Dataset excerpts
▼

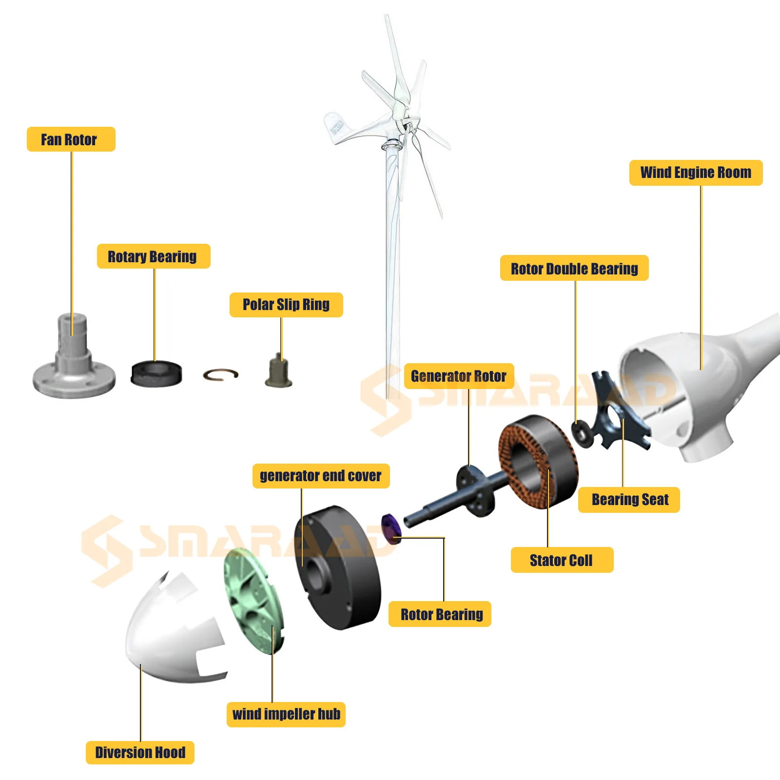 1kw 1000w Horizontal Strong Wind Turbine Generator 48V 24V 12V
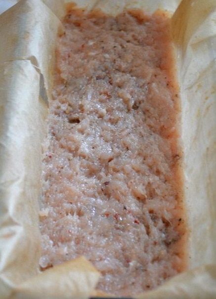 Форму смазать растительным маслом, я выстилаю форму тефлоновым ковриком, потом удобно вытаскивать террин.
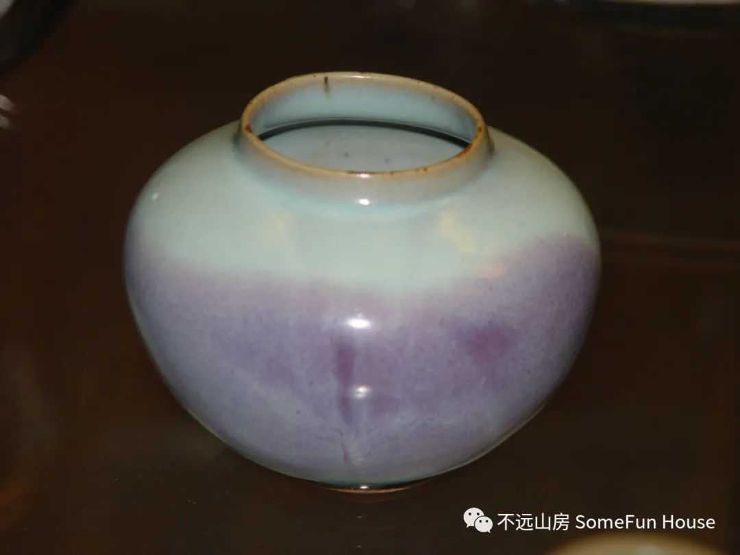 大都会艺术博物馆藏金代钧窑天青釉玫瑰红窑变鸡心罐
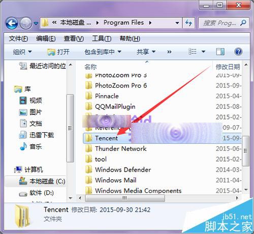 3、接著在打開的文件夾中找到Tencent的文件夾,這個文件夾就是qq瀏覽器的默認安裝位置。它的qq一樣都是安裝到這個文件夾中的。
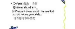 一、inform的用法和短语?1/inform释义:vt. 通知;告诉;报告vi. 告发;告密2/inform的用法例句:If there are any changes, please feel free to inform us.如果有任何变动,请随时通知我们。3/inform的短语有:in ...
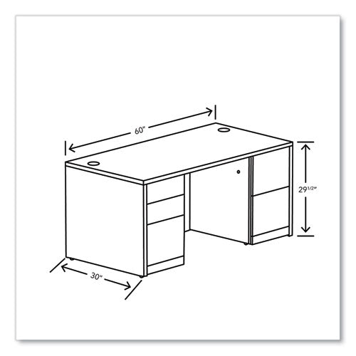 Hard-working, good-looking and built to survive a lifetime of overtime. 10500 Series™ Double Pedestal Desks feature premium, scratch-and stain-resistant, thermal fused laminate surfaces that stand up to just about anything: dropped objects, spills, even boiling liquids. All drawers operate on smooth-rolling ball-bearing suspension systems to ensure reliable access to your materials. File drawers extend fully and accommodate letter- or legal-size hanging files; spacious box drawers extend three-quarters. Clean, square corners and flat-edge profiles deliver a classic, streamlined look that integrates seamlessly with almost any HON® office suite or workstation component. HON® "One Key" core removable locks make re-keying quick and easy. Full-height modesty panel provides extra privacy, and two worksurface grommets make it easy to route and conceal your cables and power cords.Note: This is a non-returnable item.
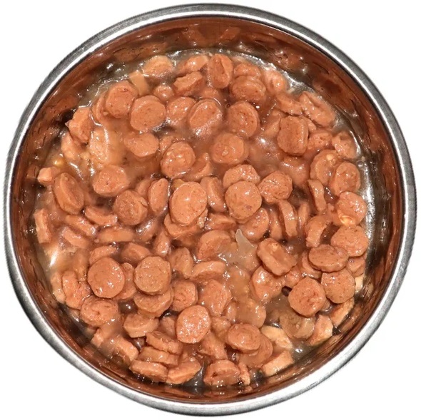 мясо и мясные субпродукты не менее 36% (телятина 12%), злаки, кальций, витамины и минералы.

▲

Although pictures appear among the records above, none are to be output; print exactly the lines from the line containing "3、接著在打開的文件夾中找到" through the line containing "一、inform的用法和短语?1/inform释义:vt. 通知;告诉;报告vi. 告发;告密2/inform的用法例句:If".

RESPONSE
 3、接著在打開的文件夾中找到Tencent的文件夾,這個文件夾就是qq瀏覽器的默認安裝位置。它的qq一樣都是安裝到這個文件夾中的。
 一、inform的用法和短语?1/inform释义:vt. 通知;告诉;报告vi. 告发;告密2/inform的用法例句:If there are any changes, please feel free to inform us.如果有任何变动,请随时通知我们。3/inform的短语有:in ...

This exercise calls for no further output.